The second thing I would say is that half of that two-thirds reduction is supposed to come from imports of liquid natural gas. And there’s not that much extra LNG you can sort of ramp up and put in the market. So if it’s coming into Europe, it’s not going somewhere else. That’s why China’s planning to increase coal production by 300 million tons, and coal prices are already at incredibly high levels. And Asia’s going to be using more coal, and emerging markets and developing economies are really struggling to make it through the hot summer, made worse, as your book reminded us, by climate change. Typically, they rely on cheap coal for that, but there is no cheap coal anymore, and that all feeds into the food crisis and all the rest. So these things are all kind of interlinked in really worrisome ways.

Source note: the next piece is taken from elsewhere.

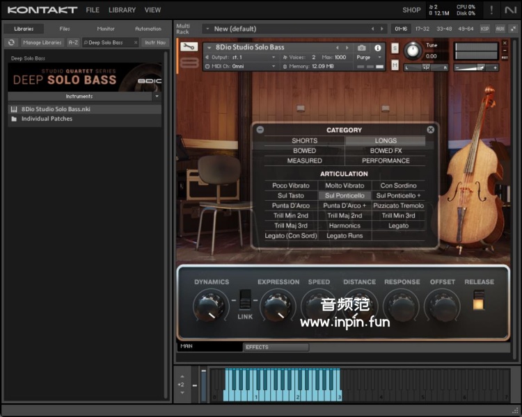 此外,8Dio Studio Quartet Series Deep Solo Bass 提供了一个内置的浏览器系统,使用户能够轻松访问和加载所需的演奏技巧。所有的演奏技巧被组织在六个核心类别中:短音符(Shorts)、长音符(Longs)、弓法(Bowed)、弓法效果(Bowed FX)、测量(Measured)和表演(Performance)。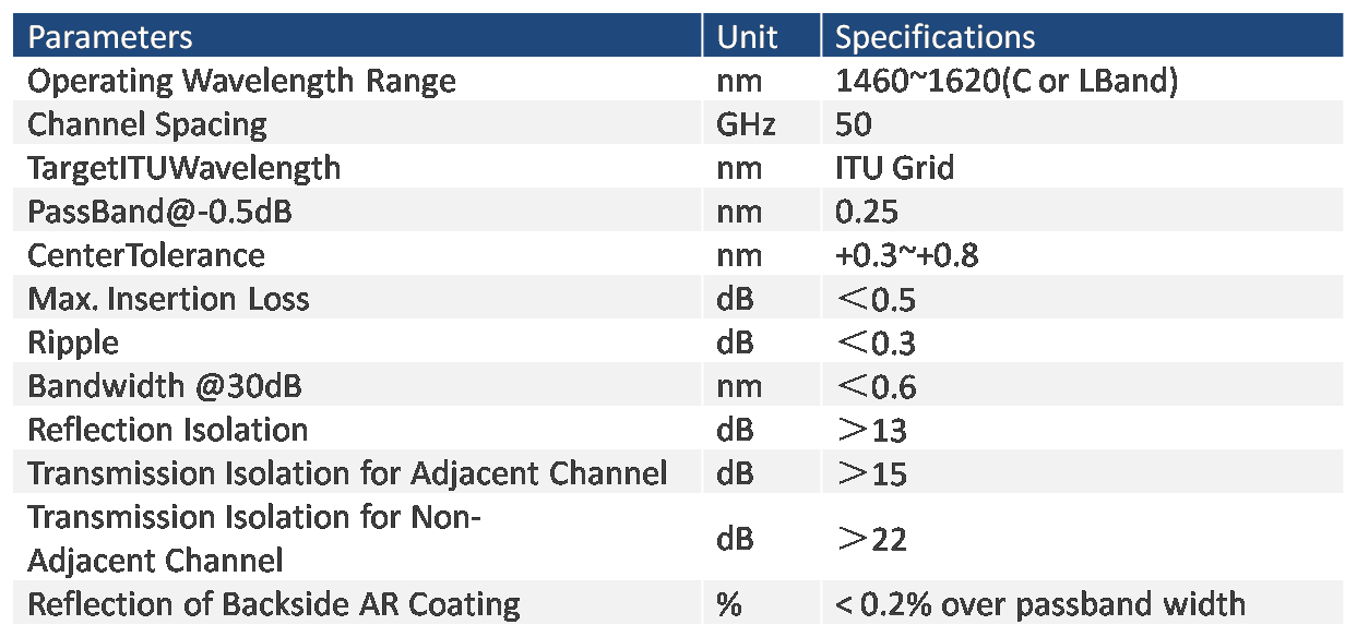 新開(kāi)發(fā)的濾波片基于50GHz的ITU-T通道間隔,波長(zhǎng)范圍覆蓋C或L波段,在光通信波長(zhǎng)1260~1620nm范圍定可定制。設(shè)計(jì)工作溫度為工業(yè)級(jí) -40℃~+85 ℃,全溫范圍內(nèi)波長(zhǎng)溫度偏移控制在0.02nm以下,可在較嚴(yán)苛的溫度環(huán)境下工作。產(chǎn)品面向波分光傳輸網(wǎng)絡(luò)市場(chǎng),可廣泛應(yīng)用于N×10G/25G/100G/200G/400G等OADM、OTN和CRAN ORAN等通信網(wǎng)絡(luò)節(jié)點(diǎn)。

O’SULLIVAN: The International Energy Agency put out its own report back in March, a 10-point plan for how to reduce reliance on Russian gas. It indicates that Europe can get off of a bit more than half of the Russian imports of gas right now but there’s a certain segment it will be exceptionally hard to do.

And then there’s the question of how clean or green doing that would be.

O’SULLIVAN: According to the I.E.A., roughly half of what Europe might do in the short term is actually consistent with its climate goals — these are things Europe wants to do already, and the war is just hastening the process. And then the rest of what can be done immediately is actually contrary to its climate goals — like a lot of bringing in new coal.